The general never reported the disappearance of those guns to Lord Dartmouth, Secretary of State, or Lord Barrington, Secretary of War. In fact, in describing the Salem mission, he suggested that he had intelligence about cannon being smuggled in from Dutch territory; there’s no such report in his file. As each month ticked by, Gage may have felt more pressure to resolve this problem before his bosses learned about it.

Thus, Gen. Gage’s top goal for the Concord expedition wasn’t to recover those guns—it was to make their potential to embarrass him go away. Turning the four cannon into useless hunks of bronze out in the countryside looked like the most efficient way to do that. Then he could report to London that his men had succeeded in destroying all the artillery they found without raising many questions.

In contrast, carting those field-pieces back to Boston would have prompted questions about where they had come from. Country folk would have seen them, as would the soldiers themselves. Boston militia leaders might have demanded them back (playing dumb about who stole them). The ministers in London may have become curious. All that would have made it harder to keep the embarrassing story of the cannon thefts quiet.

Gage was also concerned for his soldiers. Hauling several hundred pounds of metal along the road to Boston would have required a wagon and horses, plus men guarding that transport, all moving more slowly than soldiers on the march. The general didn’t send Lt. Col. Smith out with wagons because he wanted the troops to move fast—expeditiously, in fact. Even if they had confiscated a wagon and draft horses in Concord, their return trip would be slower if they brought the cannon along.

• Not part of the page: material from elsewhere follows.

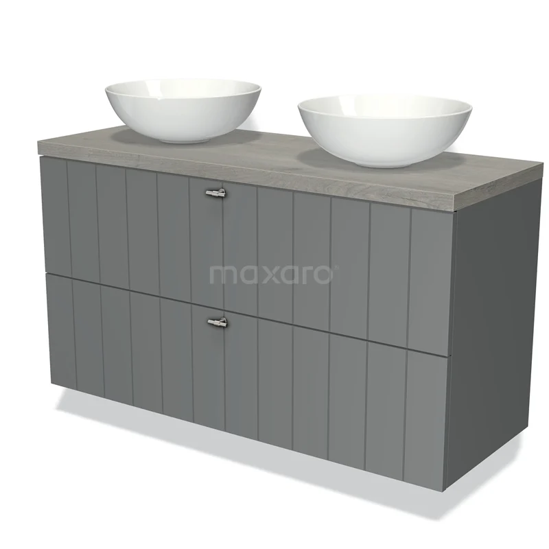 Modulo Plato Badmöbel mit Aufsatzwaschbecken | 120 cm Mittelgrau Lamelle front Graue Eiche blatt 2 übereinanderliegende Schubladen

Gage actually gave orders for the regulars not to weigh themselves down too much:
You will order a Trunion to be knocked off each Gun, but if its found impracticable on any, they must be spiked, and the Carriages destroyed. The Powder and flower must be shook out of the Barrels into the River, the Tents burnt, Pork or Beef destroyed in the best way you can devise. And the Men may put Balls of lead in their pockets, throwing them by degrees into Ponds, Ditches &c., but no Quantity together, so that they may be recovered afterwards.
The goal was to destroy the provincials’ military supplies as quickly as possible and then get back to safety. He hoped Smith’s men would be able to meet up with Col. Earl Percy’s relief column before the rebels organized a military response. That didn’t happen. But the situation would probably have been even worse if the troops were withdrawing from Concord at wagon speed.

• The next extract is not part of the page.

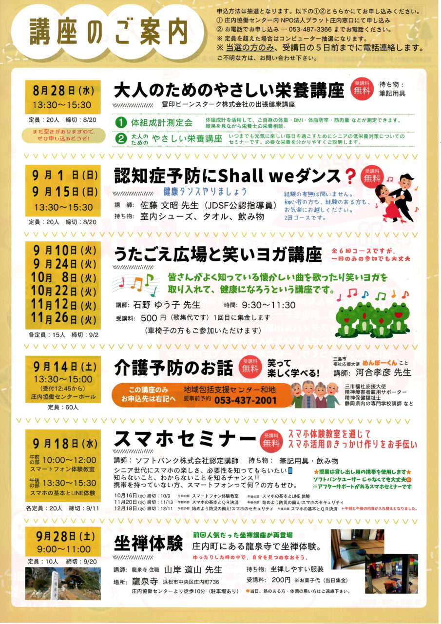 地元野菜直売、フリーマーケット、フラワーアレンジメント、つれづれ窯、アンモナイト化石展示、なるぴー珈琲、舞阪ひもの魚店、とくし丸、ガラポン抽選会、ダーツ、輪投げゲーム、モルック競技、ポップコーン、手作りハンドメイド店、庄内学園吹奏楽部、オイスカ浜松国際高等学校フラダンス部など

Tuesday, February 18, 2025

“The fire then commenced and fell heavy on our Troops”

The rest of Lt. John Bourmaster’s April 1775 account of the Battle of Lexington and Concord, which I started to quote yesterday, didn’t relate his personal experiences as a Royal Navy officer.

He didn’t, for example, write anything about the operation to evacuate regulars from Charlestown back to Boston on the night of 19–20 April. He didn’t mention Maj. John Pitcairn of the marines.

Instead, Bourmaster’s letter passed on what he‘d heard from British army officers. And of course the big message that those officers, up to Gen. Thomas Gage, wanted to put out was that the rebels had started it.

Bourmaster’s very first statement about the fighting was that locals shot first.
A firelock was snapt over a Wall by one of the Country people but did not go off, the next who pulld his triger wounded one of the light Infantry company of General [Studholme] Hodgsons or the Kings own.
Other sources, including Pitcairn, Ens. Jeremy Lister of the 10th, and Capt. John Barker of the 4th (King’s Own), said that a soldier in the 10th Regiment was wounded in the morning at Lexington. In this case, Bourmaster had false information.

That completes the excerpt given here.